**PROMPT**
Could you restate word for word every line from the one containing "Anillo en acero" to the end of the data below, pictures excluded?

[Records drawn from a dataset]
- - -

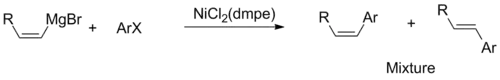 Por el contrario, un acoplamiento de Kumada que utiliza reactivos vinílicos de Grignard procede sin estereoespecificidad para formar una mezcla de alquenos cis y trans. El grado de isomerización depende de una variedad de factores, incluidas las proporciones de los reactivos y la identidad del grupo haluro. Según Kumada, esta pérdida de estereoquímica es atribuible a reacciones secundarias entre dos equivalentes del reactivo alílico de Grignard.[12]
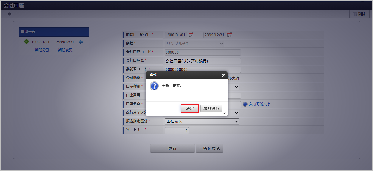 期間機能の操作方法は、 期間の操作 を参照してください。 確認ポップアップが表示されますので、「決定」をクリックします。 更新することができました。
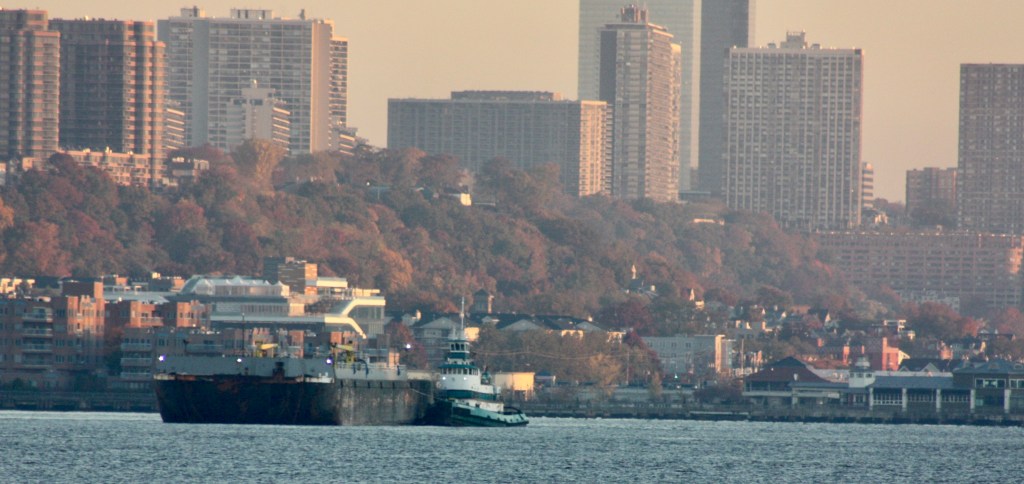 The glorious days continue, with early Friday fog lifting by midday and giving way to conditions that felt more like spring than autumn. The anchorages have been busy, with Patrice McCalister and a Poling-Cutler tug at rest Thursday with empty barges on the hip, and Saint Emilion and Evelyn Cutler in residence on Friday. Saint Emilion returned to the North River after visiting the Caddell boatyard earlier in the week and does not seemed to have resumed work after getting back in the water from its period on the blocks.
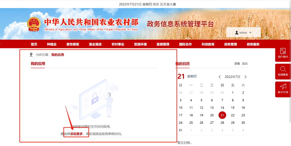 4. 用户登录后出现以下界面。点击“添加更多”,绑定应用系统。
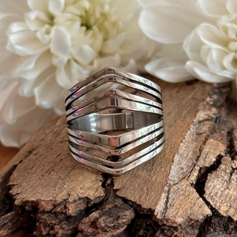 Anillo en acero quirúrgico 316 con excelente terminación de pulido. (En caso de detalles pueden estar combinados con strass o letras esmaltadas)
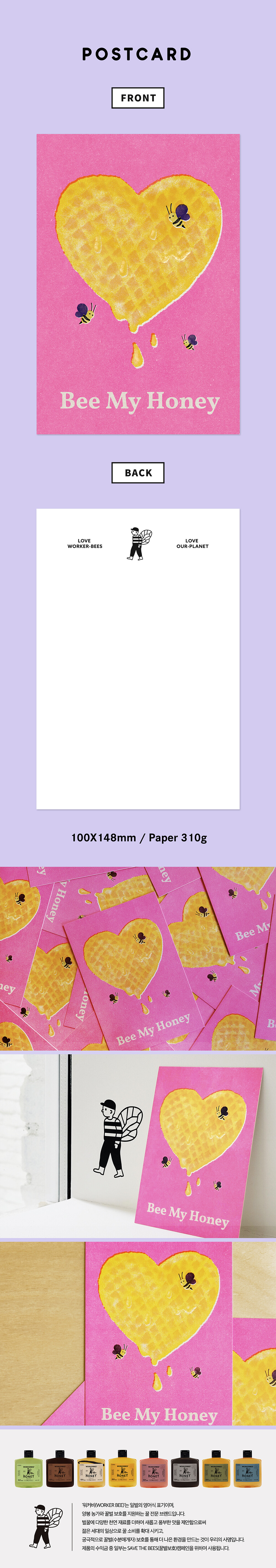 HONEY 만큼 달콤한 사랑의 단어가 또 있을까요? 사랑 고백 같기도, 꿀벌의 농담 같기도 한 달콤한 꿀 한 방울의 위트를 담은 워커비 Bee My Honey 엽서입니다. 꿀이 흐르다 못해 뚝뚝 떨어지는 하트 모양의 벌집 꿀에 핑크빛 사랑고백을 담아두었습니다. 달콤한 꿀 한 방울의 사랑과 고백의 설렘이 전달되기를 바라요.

- - -

**THE ANSWER**
 Anillo en acero quirúrgico 316 con excelente terminación de pulido. (En caso de detalles pueden estar combinados con strass o letras esmaltadas)
 HONEY 만큼 달콤한 사랑의 단어가 또 있을까요? 사랑 고백 같기도, 꿀벌의 농담 같기도 한 달콤한 꿀 한 방울의 위트를 담은 워커비 Bee My Honey 엽서입니다. 꿀이 흐르다 못해 뚝뚝 떨어지는 하트 모양의 벌집 꿀에 핑크빛 사랑고백을 담아두었습니다. 달콤한 꿀 한 방울의 사랑과 고백의 설렘이 전달되기를 바라요.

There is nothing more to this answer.